Friday, July 4, 2025

Amante Amigo (El que fue, sin poder ser)

 




Un análisis narrativo de “Mi amante amigo” de Vanesa Martín


Yo lo conozco, aunque nunca haya dicho su nombre. Ese hombre al que Vanesa Martín le canta en “Mi amante amigo”, no es un extraño. Es ese tipo de hombre que vive en los márgenes. Que ama con torpeza, pero con todo lo que tiene. Que no sabe escribir poesía, pero se aprende de memoria los silencios de la mujer que ama. Es el que está… pero al que nunca se le da el derecho de quedarse del todo.


Cuando ella canta “Mi amante, mi amigo, mi piel, mi castigo”, no está enumerando atributos: está dibujando un mapa de contradicciones. Porque él fue todo eso… y nada de eso le bastó.


Fue el que respondía mensajes a cualquier hora, el que decía “estoy aquí” aunque estuviera quebrado por dentro. El que escuchaba sus monólogos, celebraba sus triunfos, y lloraba a solas por sus derrotas. El que supo esperar sin saber cuánto, el que aceptó las reglas que no escribió, el que se conformó con las migajas de un amor que nunca fue un banquete.


Él la amó como se ama en secreto: sin reclamar, sin exigir, sin pedir espacio. Amó desde el rincón más invisible del cuarto. Desde el teclado, desde la pantalla, desde un asiento al fondo de la vida de ella. Él estaba, pero siempre detrás de algo: detrás de un miedo, de un recuerdo, de un marido, de un plan de vida que no lo incluía. Detrás de un “tal vez en otra vida”.

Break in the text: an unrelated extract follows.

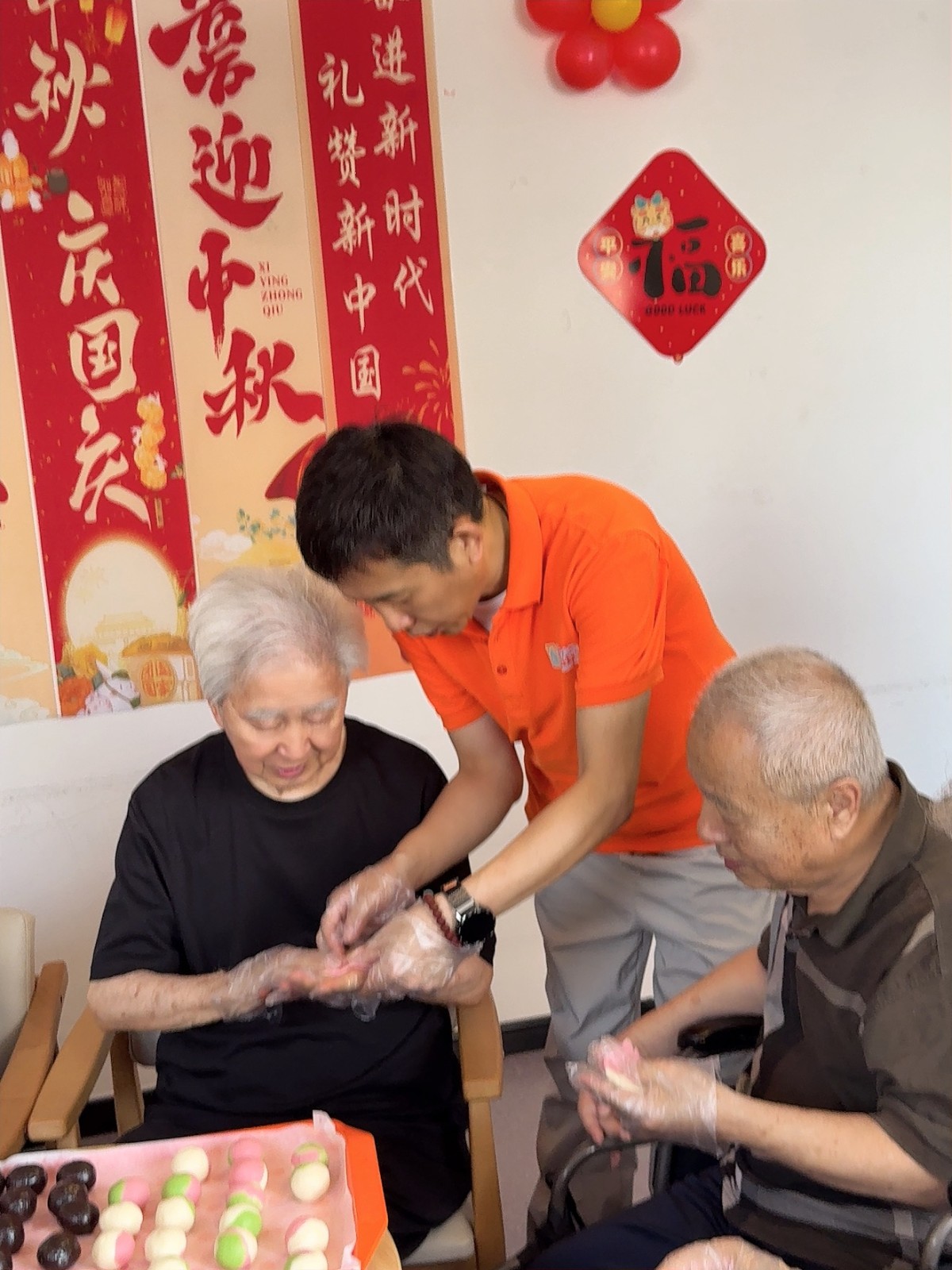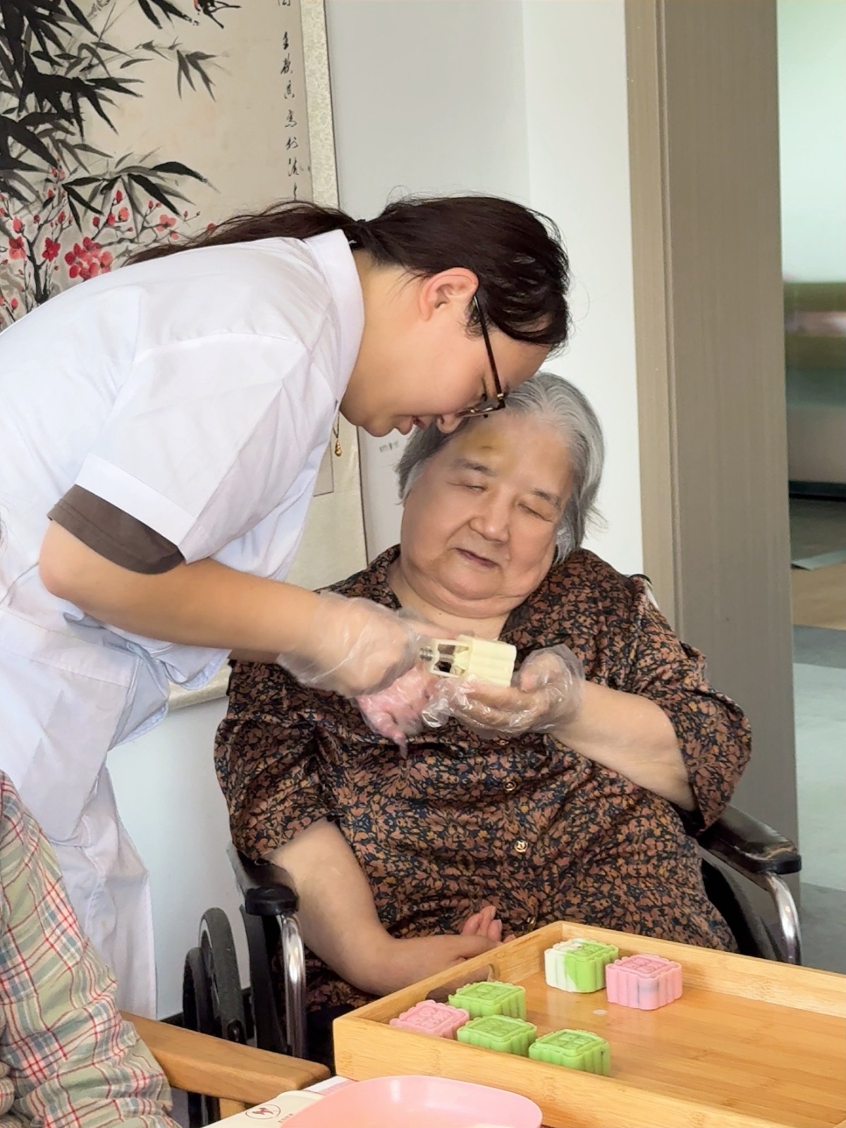 在天津陶煦养老照护中心,工作人员组织爷爷奶奶们亲自动手制作手工月饼。和面、包馅、压模,每一个步骤都充满了欢声笑语。当一个个精美的月饼从模具中取出,长者们脸上洋溢着孩童般的喜悦。这些亲手制作的月饼不仅美味,更承载着浓浓的节日情谊。

Y aun así, lo dio todo. El alma, la calma, y hasta la dignidad.


Pero ella también lo quiso. Eso es lo trágico. Lo supo. Lo sintió. Vanesa no canta como una mujer que no lo valoró. Canta como quien se siente culpable… pero que no puede cambiar lo que el alma no le pide. Porque el amor, cuando es verdadero, no se fabrica; simplemente brota. Y a veces, por muy noble, por muy presente, por muy amigo o amante que alguien sea… no basta.


En el fondo, este hombre fue el ensayo. El borrador. El acompañante perfecto para noches imperfectas. El que entendía sin palabras. El que ponía puntos donde los otros sólo sabían usar comas. Pero nunca fue el que salía en las fotos. Nunca el nombre que se decía en voz alta. Nunca el que se quedaba cuando todos se iban.


Y ella lo supo. Lo sabe. Por eso duele tanto. “Lo bueno se queda, lo malo se olvida”, canta Vanesa… como si intentara convencer a alguien —quizás a ella misma— de que no fue una villana. Como si le dijera a su conciencia que aquel hombre, aunque indispensable en tantos momentos, no era el final de su historia.


Y él, mientras tanto, sigue ahí. No en la vida de ella, pero sí en su canción. Él es el que no tuvo tiempo. El que no alcanzó a ser esposo, ni pareja formal, ni proyecto de vida. El que no salió nunca de ese teclado. El que fue confidente, red de seguridad, refugio emocional… pero no “el elegido”.


En cada verso, ella le da un altar, pero no una casa. Le dedica un lamento, pero no una vida. Y él, desde la invisibilidad que ya conoce tan bien, acepta su papel: el de ser inolvidable sin haber sido indispensable.


Porque hay amores así. Que lo fueron todo… excepto suficientes.